◆ **Exercise aim**
Skip the pictures. Transcribe the rest of the data below without changing a word.

◆ **Data shown**
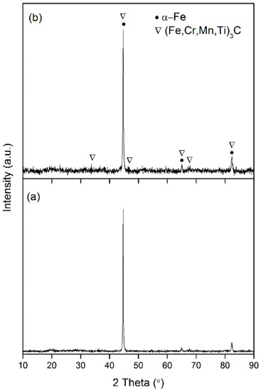 Considering the great difference in density between graphite and 20CrMnTi powders, we used mechanical alloying to homogeneously disperse graphite in milled mixtures. Mechanical alloying is one of the most attractive methods to fabricate nanostructured powders with homogeneous mixing [17,18,19]. It is also expected that the milled mixtures contain nanosized crystallites and have active sintering abilities.
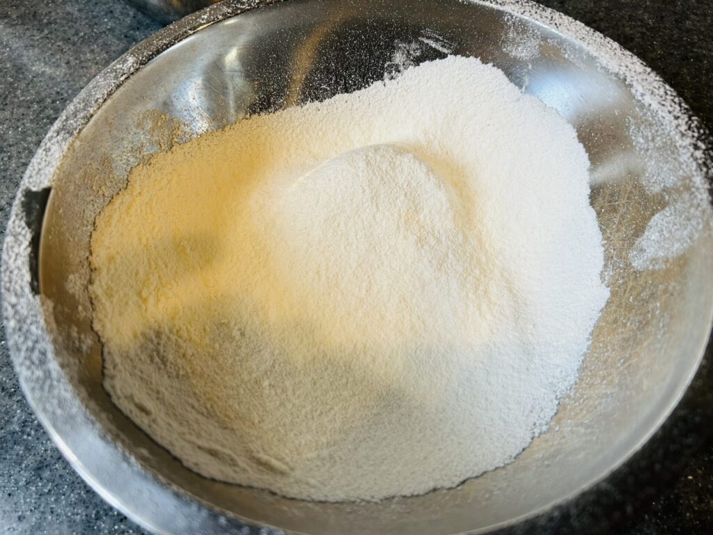 ① 薄力粉を2回振るっておきます。
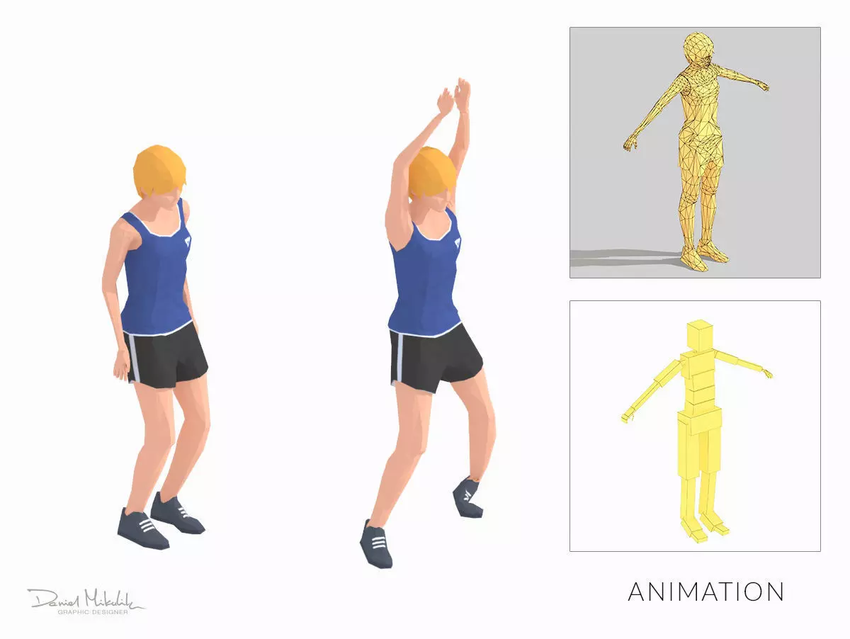 Animations of exercise Woman Low poly3d model in flat surface style.Animation created in CAT system and exported to FBX files for loop sequence.Extra textures as bonus
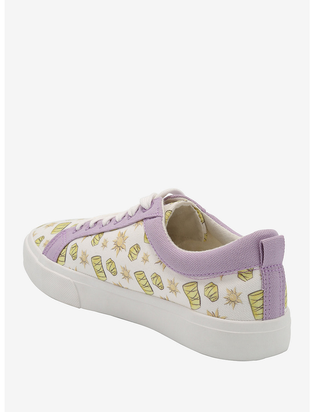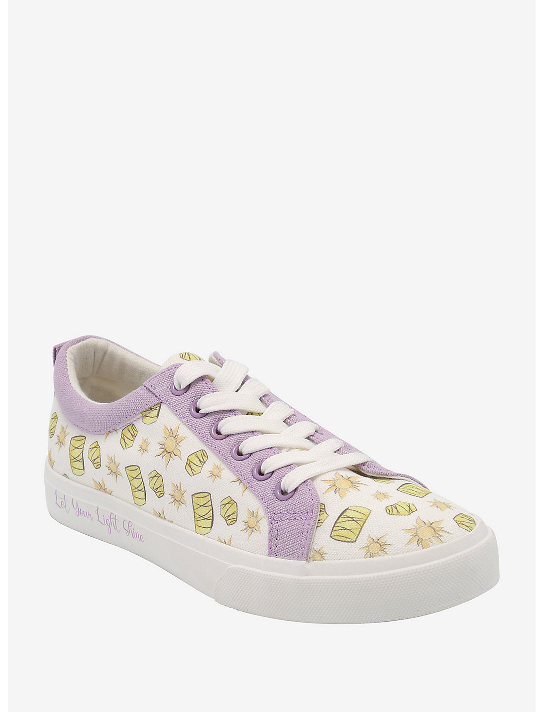 ¿Estás listo para el mejor día de tu vida? ¡Abróchate los zapatos y vámonos! Estas zapatillas de Tangled tienen un borde morado y un estampado de linternas y soles de Corona Kingdom. Hay un diseño de texto morado "Deja que tu luz brille" en las suelas y los cordones blancos.

◆ **Task output**
 Considering the great difference in density between graphite and 20CrMnTi powders, we used mechanical alloying to homogeneously disperse graphite in milled mixtures. Mechanical alloying is one of the most attractive methods to fabricate nanostructured powders with homogeneous mixing [17,18,19]. It is also expected that the milled mixtures contain nanosized crystallites and have active sintering abilities.
 ① 薄力粉を2回振るっておきます。
 Animations of exercise Woman Low poly3d model in flat surface style.Animation created in CAT system and exported to FBX files for loop sequence.Extra textures as bonus
 ¿Estás listo para el mejor día de tu vida? ¡Abróchate los zapatos y vámonos! Estas zapatillas de Tangled tienen un borde morado y un estampado de linternas y soles de Corona Kingdom. Hay un diseño de texto morado "Deja que tu luz brille" en las suelas y los cordones blancos.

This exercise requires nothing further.